The interim deal includes release of billions in previously frozen Iranian assets held abroad. U.S. Treasury Secretary Scott Bessent said his department would station officials in Qatar to oversee how those funds are spent. He told CNBC that Iran would spend a very large percent of its released money on U.S. foodstuffs and medicines, describing the arrangement as recycling money back into U.S. products.
Technical-level diplomatic talks between U.S. and Iranian negotiators are expected to resume early next week in Switzerland. Pakistan's Foreign Ministry said Wednesday it would continue serving as a key mediator for the discussions.

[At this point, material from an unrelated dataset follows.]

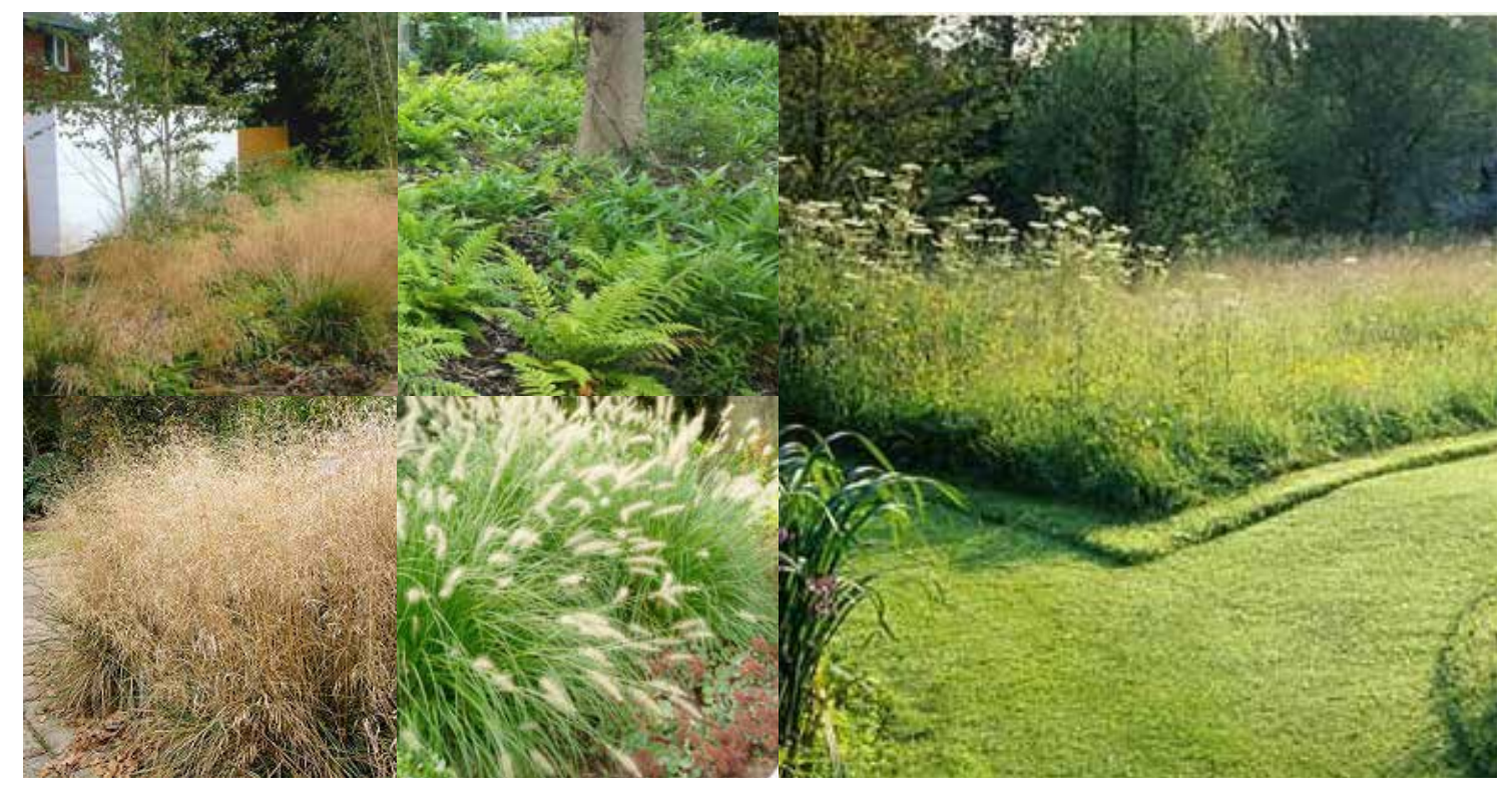
Frontage and side planting_ Multi stemmed Birch with shade tolerant grasses, sedge and ferns.

Lebanese and Israeli officials are meeting separately this week in Washington, with Lebanon seeking a plan for Israeli withdrawal from southern Lebanon. Israeli Prime Minister Benjamin Netanyahu has declared that his government will maintain what he called a security zone in the area regardless of diplomatic progress on other tracks.
The Bottom Line
The public disagreement over inspection timing illustrates the fundamental tension at the heart of the interim agreement: both sides signed the same memorandum but appear to have different understandings of its terms. For now, IAEA inspectors remain unable to verify Iran's enrichment stockpile, and billions in frozen assets sit ready for release pending further negotiations.
What happens next depends on whether private talks over the coming weeks can resolve these gaps. Secretary of State Rubio's ongoing diplomatic tour suggests the Trump administration is pursuing parallel tracks with multiple regional partners, including countries that have influence with Tehran. The resumption of technical-level discussions in Switzerland will test whether face-to-face negotiations can produce clearer commitments than public statements.
The ceasefire between Israel and Hezbollah, already tested by Wednesday's airstrike, adds urgency to the timeline. Regional instability could undermine diplomatic progress or create pressure for quicker agreements on all fronts. Watch for any change in IAEA access arrangements or Iranian statements about inspection protocols as the 60-day window progresses.